On June 23, 1818, Speaker of the House Henry Clay received 13 bids on a project to completely refurnish the House Chamber, following the Capitol's near destruction by invading British forces. Speaker Clay sought carpets, wall hangings, lamps, 187 chairs, and 51 tables. In ordering group tables, in preference to individual desks, Clay continued the House practice of seating members together, presumably to symbolize their equality and interdependence. Aiming for utility and durability, rather than elegance and style, the frugal Clay selected the lowest bid. It came from a 27-year-old New York City cabinetmaker named Thomas Constantin
The more deliberative Senate took much longer to arrange for its new postwar furnishings. The Chamber's presiding officer, Vice President Daniel Tompkins, a victim of chronic alcoholism and distracting personal financial difficulties, waited for more than a year before concerning himself with this task. Unlike Speaker Clay, Vice President Tompkins did not bother to advertise for bids among numerous eligible East-Coast cabinetmakers. With only six weeks remaining before the December 1819 convening of the 16th Congress, Tompkins simply turned to the cabinetmaker the House had selected—Thomas Constantine. To Constantine's delight, the deadline-pressed vice president offered him a no-bid, spare-no-expense furnishings contract that included construction of 48 armchairs and 48 mahogany desks
Constantine based his design of the throne-like Senate armchairs—today's chairs are copies—on a sketch from an 1807 book on English furniture. His chairs reflected the influence of the then-popular French Empire and English Regency designs. Unlike the more commonplace House chairs, which he upholstered in black horsehair fabric, Constantine covered the Senate pieces in red morocco leather to confer upon their occupants an image of power and authority.

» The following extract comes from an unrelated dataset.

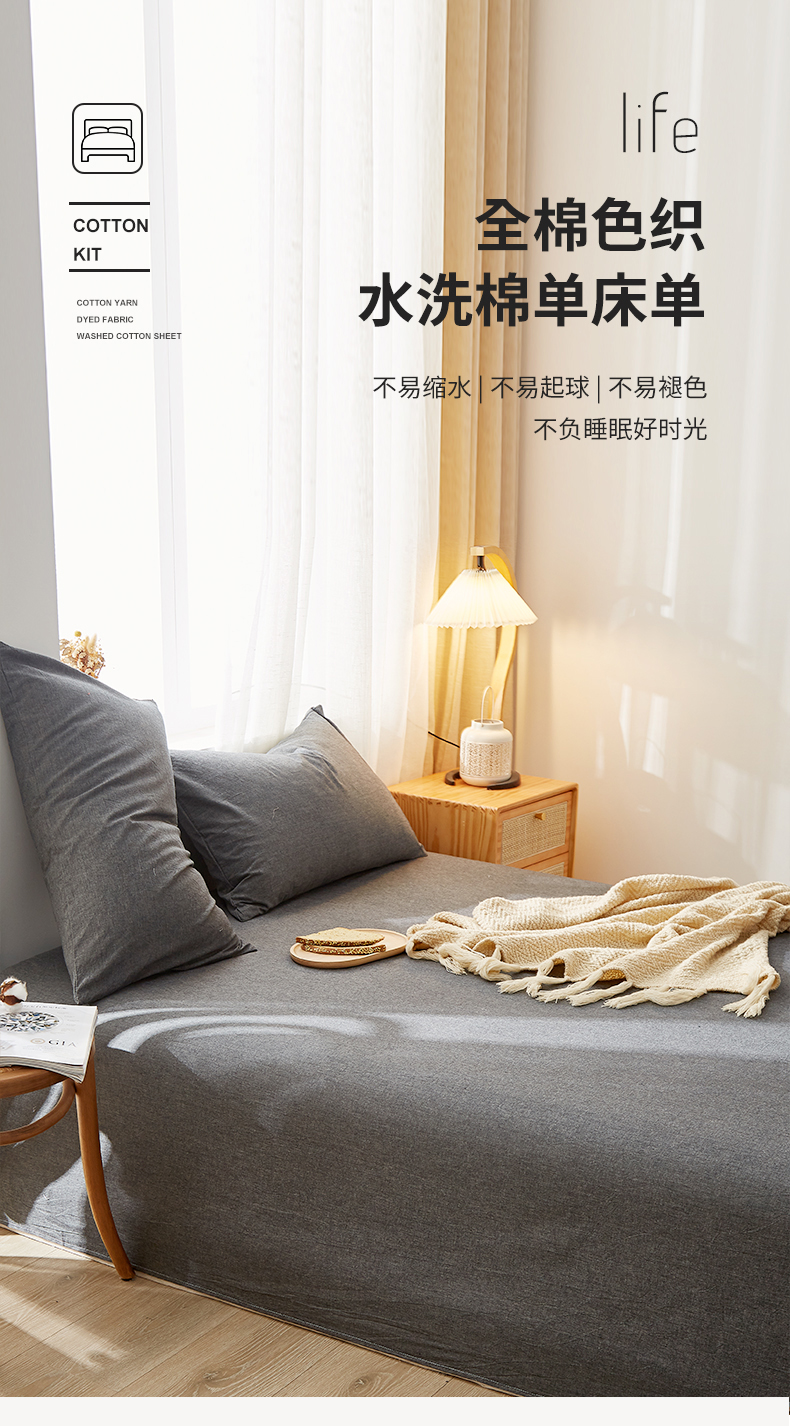 商品名称:暖阳 2025新款全棉水洗棉单床单 深邃灰
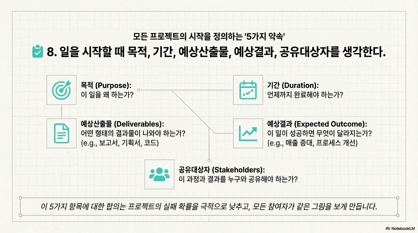 이 원칙이 제시하는 다섯 가지는 프로젝트 관리 기법이 아니라 오해를 사전에 제거하는 질문 목록입니다.

Constantine's tight deadline may have led him to subcontract work on the 48 chairs. Specialists in historic furniture note that his desks—all 48 of which remain in service today—do not seem fully compatible with the chairs. Anyone who tries to roll the chair so that its arms fit underneath the desk will quickly discover that aberration.
It is not known with certainty which of today's 100 desks were among the original 48. If you are curious about your desk, there are some clues. For example, Constantine fashioned each Senate desk to fit in a unique position in the Old Senate Chamber's semicircular seating pattern. Desks to be placed along the outside aisles were narrower and more trapezoidal, compared to the wider and squarer center desks.
Constantine received no advance funding for this costly project. Nonetheless, he faithfully delivered his chairs and desks in time for the opening of the new Congress. Unfortunately, the Senate was not so timely with its payment. Seven years later, shortly after the death of 50-year-old former Vice President Tompkins, Thomas Constantine was still trying to collect in full on their original agreement.